Denver’s Community Planning and Development (CPD) and Department of Housing Stability (HOST) released a draft proposal which aims to create more affordable housing in new construction projects.
The aptly named “Expanding Housing Affordability” proposal would require new residential developments of 10 or more units to offer between 8% and 15% of those units at a discounted rate to renters or buyers who make less than the area median income (AMI). The exact percentage depends on the project’s location, the AMI level they are building for, and other factors.
Developers can also opt to pay a fee in-lieu of affordable units, ranging from $250,000-$478,000 per unit they do not build.
New single family homes or multifamily up to nine units would also have additional fees, called linkage fees, that help fund the city’s Affordable Housing Fund. Those rates would cap out at either $4 or $7 per square foot depending on the size of the home, with more modest homes under 1,600 square feet paying the lower rate. Commercial and industrial projects would also see an increase in linkage fees, which city officials say brings Denver more in line with comparable cities.
Sabrina Allie, Communications and Engagement Director for HOST, told The Denver North Star that currently 35% of the city, or 115,000 households, are cost-burdened, meaning they are paying more than 30% of their income for rent or a mortgage. Of that 115,000, 48,000 pay over 50% of their monthly income.
Denver’s AMI is pegged at $73,360 for a one person household or $104,800 for a household of four. North Denver is considered a “typically priced market” for Denver (while higher than some neighborhoods, it’s less expensive than areas like downtown). In a typically priced market, a new rental apartment building could set aside 8% of units for someone earning 60% AMI, or $44,016/year for a single person. In this example, that person’s rent (including utilities) would be capped at approximately $1,100/month, which is 30% of their gross income. The other units could be rented for any amount, commonly called “market rate.”
While new fees on development typically see pushback from developers, and certainly this one has some, it was designed by a stakeholder group that brought developers to the table as well. Susan Powers is known for a number of mixed income communities, including the Aria Development in northwest Denver. She was a member of the committee and is “very supportive” of the proposal. Powers told The Star “everyone in the community needs to step up and do their part to address this issue. If we do not have housing that is affordable to our workforce, then we will begin to see the economic impacts on our efforts to continue to recruit businesses to Denver,” adding “this is only part of the solution, but an important one.”

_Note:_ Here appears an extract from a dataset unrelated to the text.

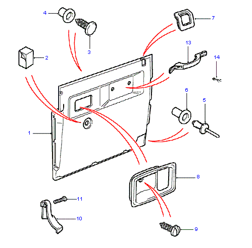 Normálně to vytrháš z těch čudlíků. Klička oken má závlačku z drátu, tu vytáhneš snadno. Madlo odšroubuješ a ten čudlík na zamikání se musí odklonit a ten jeho lem se po zamáčknutí takovejch malejch nesmyslů vytáhne nahoru. Když ti něco z toho prdne tak nezoufej, stojí to pár korun. Třeba v mrazu to praská rádo - plast křehne. Takhle vypadá to kolem kolíku zamykání... http://land-rover.eliott.in/cz/e-shop/2 ... 38pma.html

One early critique is whether the policy could have the unintended consequence of driving more development in parts of the city where building costs are still lower (generally lower income communities) because more expensive areas like downtown and Cherry Creek have increased requirements for more affordable housing than other areas. Essentially the concern is that developers would see more profit in those areas than higher income communities. Laura Swartz, Communications Director for CPD, said that concern was considered, and the city’s analysis doesn’t believe it’s valid. The city commissioned a detailed feasibility study, which concludes that the 2% increase in affordable housing requirements in high cost neighborhoods won’t have a material impact on where development occurs, given the numerous other factors that influence development patterns. She noted that building in areas like downtown and Cherry Creek can still be as profitable, if not more so, than other areas because those areas are in high demand.
The public review period ended on March 14, and now enters a phase of review before potential introduction by the City Council.
The full proposal can be found online at denvergov.org/affordabilityincentive.